Via Dolorosa

Yesterday, we followed the footsteps of Jesus by praying through the Stations of the Cross. It is called the Via Dolorosa, or the Way of the Sorrows, and it marks the path that Jesus took to Calvary, the place of his crucifixion and death. It starts near the Chapel of Condemnation, which is very close to the Chapel of Flagellation (see above), and ends at the Church of the Holy Sepulchre.

Christians have been following the fourteen Stations of the Cross as we know them today since the fifteenth century, and even earlier. They are marked with a Roman numeral on a bronze plaque. This particular spot (see above) marks the eighth station, where Jesus consoled the woman of Jerusalem.

We began the stations around 11:00am, while the shops were already up and running. This made it interesting (to say the least), as the narrow streets were congested with shoppers, merchants, and loud noises. Eventually we made it to the Church of the Holy Sepulchre, and it too was packed with pilgrims and tourists! The crowds offered us a taste of what Jesus must have experienced as carried his cross to Calvary.

Of all the stops, the most peaceful place to pray was the Fourth Station, the meeting between Jesus and his Blessed Mother, Mary. The statue (see above) captures the scene beautifully, especially the tender sorrow between a mother and Son. It recalls the words of the “Stabat Mater,” the hymn used between stations. This particular verse speaks to the Blessed Mother:

Make me feel as you have felt: make my soul to glow and melt, with the love of Christ our Lord.

The Via Dolorosa ends at the Church of the Holy Sepulchre on Mount Calvary and finally, in the tomb. Pictured below is the chapel on top of Mount Calvary.

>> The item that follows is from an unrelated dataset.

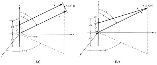 where R is the distance between the current micro-element and the observation point. Because we are focusing on the FfR radiation characteristics of the diploe, we can assume that , θ′ ≈ θ [].
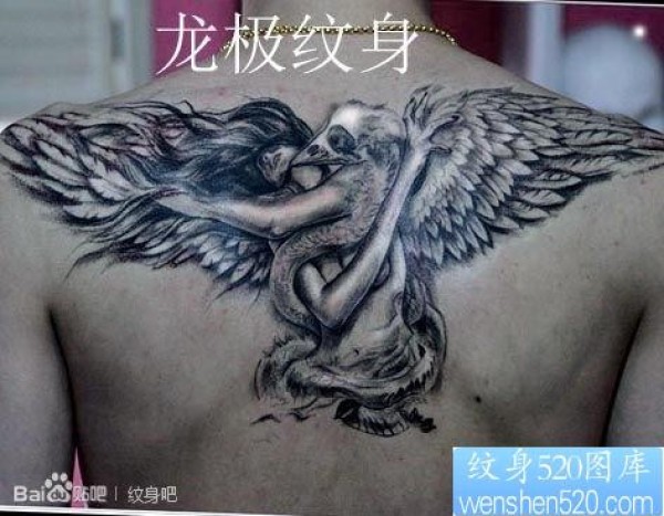 男生后背很酷前卫的天使纹身图片_天使纹身图案大全_纹身图吧

It is a very sacred place, for it was here that Jesus died on the cross.

Walking in the footsteps of Jesus with my brother seminarians was a moving experience. It was especially beautiful to end at the tomb (see below), the Holy Sepulchre itself. The last station is the laying of Jesus in the tomb, and thanks be to God that this is not the end of the story. Jesus has risen from the dead, “Alleluia, Alleluia!”

In closing, I would like to leave you with an address given by Pope Saint John Paul II in 1979, recommended to me by a good friend:

“I come to you as a servant of Jesus Christ, and I want to speak to you about him. Christ came to bring joy: joy to children, joy to parents, joy to families and to friends, joy to workers and to scholars, joy to the sick and to the elderly, joy to all humanity. In a true sense, joy is the keynote of the Christian message and the recurring motif of the Gospels. Recall the first words of the angel to Mary : “Rejoice, O full of grace, the Lord is with you” (Lk 1:28). And at the birth of Jesus, the angels announced to the shepherds: “Listen, I bring you news of great joy, joy to be shared by all people” (Lk 2:10). Years later as Jesus entered Jerusalem riding on a colt, “the whole group of disciples joyfully began to praise God at the top of their voices. ‘Blessed is the King who comes in the name of the Lord’ !” (Lk 19:37-38) . We are told that some Pharisees in the crowd complained, saying: “Master, stop your disciples”. But Jesus answered: ” I tell you, if they were silent, the very stones would cry out” (Lk 19:39-40).

Are not those words of Jesus still true today? If we are silent about the joy that comes from knowing Jesus, the very stones of our cities will cry out! For we are an Easter people and “Alleluia” is our song. With Saint Paul I exhort you: “Rejoice in the Lord always, I say it again, rejoice” (Phil 4:4).